Livedoor

livedoor Co.,Ltd. (株式会社ライブドア, Kabushiki-gaisha Raibudoa) was a Japanese company that functioned as an Internet service provider and operator of a web portal and blog platform before being brought down by scandal in 2006. The company was founded and led in its first 10 years by Takafumi Horie, known as "Horiemon" in Japan. Livedoor grew into one of Japan's premier Internet businesses, putting over 1,000 employees on its payroll at its peak. Its reliance on acquisitions and stock swap mergers to achieve growth also made it one of the country's most controversial enterprises. Its growth came to a resounding halt when scandal erupted in early 2006. An investigation of securities law violations led to a nosedive in the company's stock price. The Tokyo Stock Exchange delisted Livedoor on April 14, 2006.[1] The floundering company's properties were purchased by South Korea-based NHN Corp in 2010.[2][3]

Livedoor
Native name
株式会社ライブドア
Formerly
Edge Co.
Kabushiki gaisha
IndustryInternet service
FounderTakafumi Horie
HeadquartersNishi-Shinjuku,
Tokyo
,
Japan
Websitewww.livedoor.com 

Today the ISP and blog services that bear the Livedoor name are operated by Line Corporation, developers of Line messaging services and the Naver Japan search portal.

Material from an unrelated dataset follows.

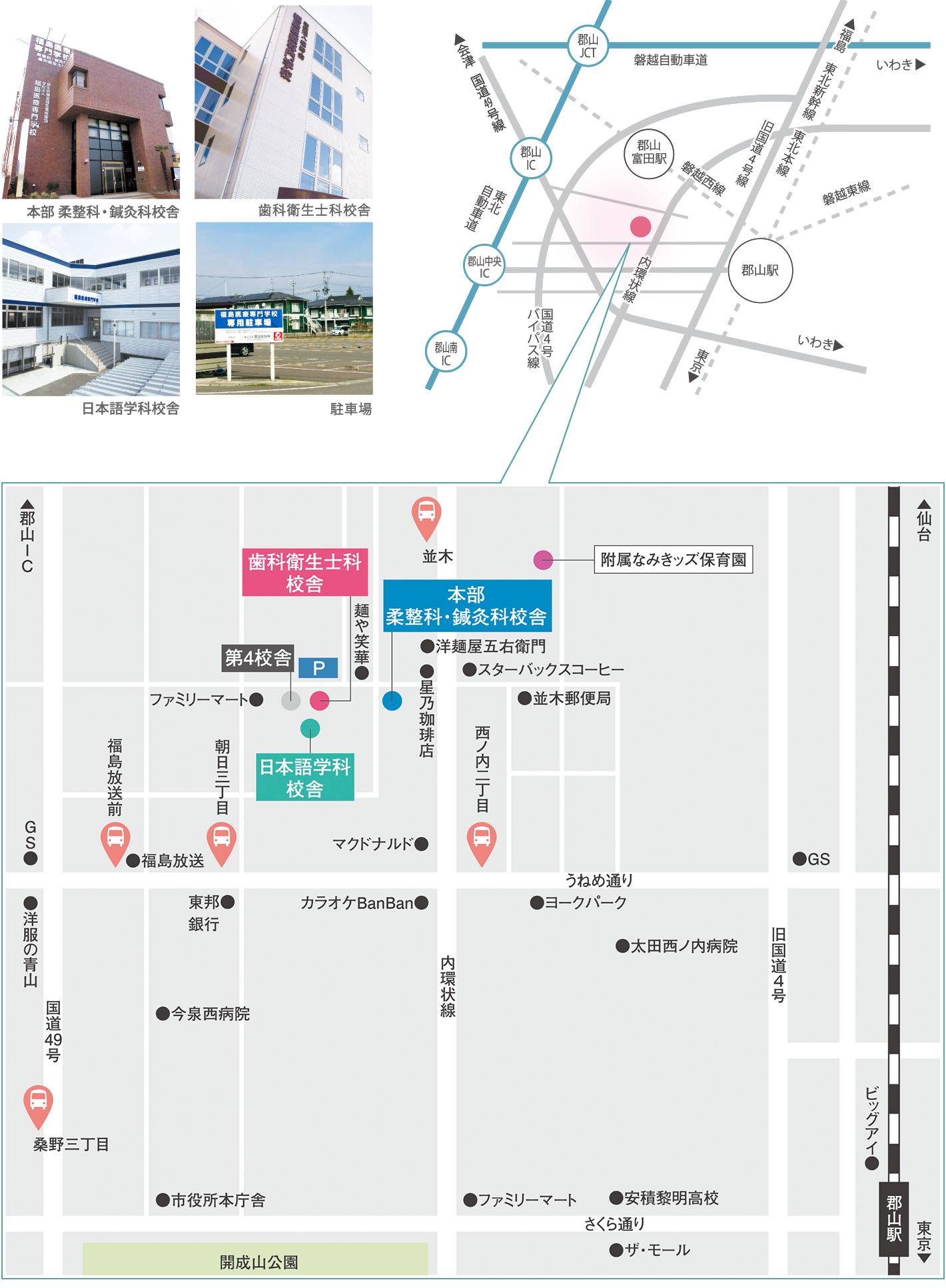 郡山駅よりさくら通りを直進。旧国道4号線を右折して約750m先の若葉町交差点を左折し、うねめ通りを西へ約2km。カラオケBanBanの交差点を右折し、一つ目の信号を左折。約50m行くと、左手に本部・柔整科・鍼灸科校舎。さらに約100m進めば歯科衛生士科校舎。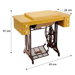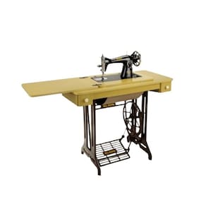 Máquina de costura reta doméstica com corpo em ferro fundido e eixo de transmissão em aço. Realiza costura reta com regulagem de comprimento e costura para trás. Inclui enchedor de bobina. O móvel é tradicional com 2 gavetas e pés de ferro.Funções

Line Corporation, based in Japan, was spun off from NHN Japan, an arm of its Korean parent, in February 2013.[3]

History

Origins and growth

Livedoor began in 1995 as Livin' on the Edge, a startup company run by Horie and a group of college friends[4] and was officially founded as Livin' On the EDGE Inc. in April 1996, in Minato, Tokyo.[5] In 1997, it was renamed Livin' On the EDGE Co., Ltd. Though initially a limited company (yugen kaisha), Livin' On the Edge was reorganized into a joint-stock company (kabushiki kaisha) in July 1997 and within only 3 years, went public on the Tokyo Stock Exchange's Mothers market in April 2000. In November 2002, Livin' on the Edge acquired the free Internet services business of Livedoor Corp., which had gone bankrupt. Livin' On the Edge changed its name to Edge Co., Ltd. in April 2003,[6] then adopted the name of the ISP business it had acquired from Livedoor Corp., by renaming itself livedoor Co. Ltd. (Livedoor), in February 2004.[7] This was followed by a 1:100 stock split.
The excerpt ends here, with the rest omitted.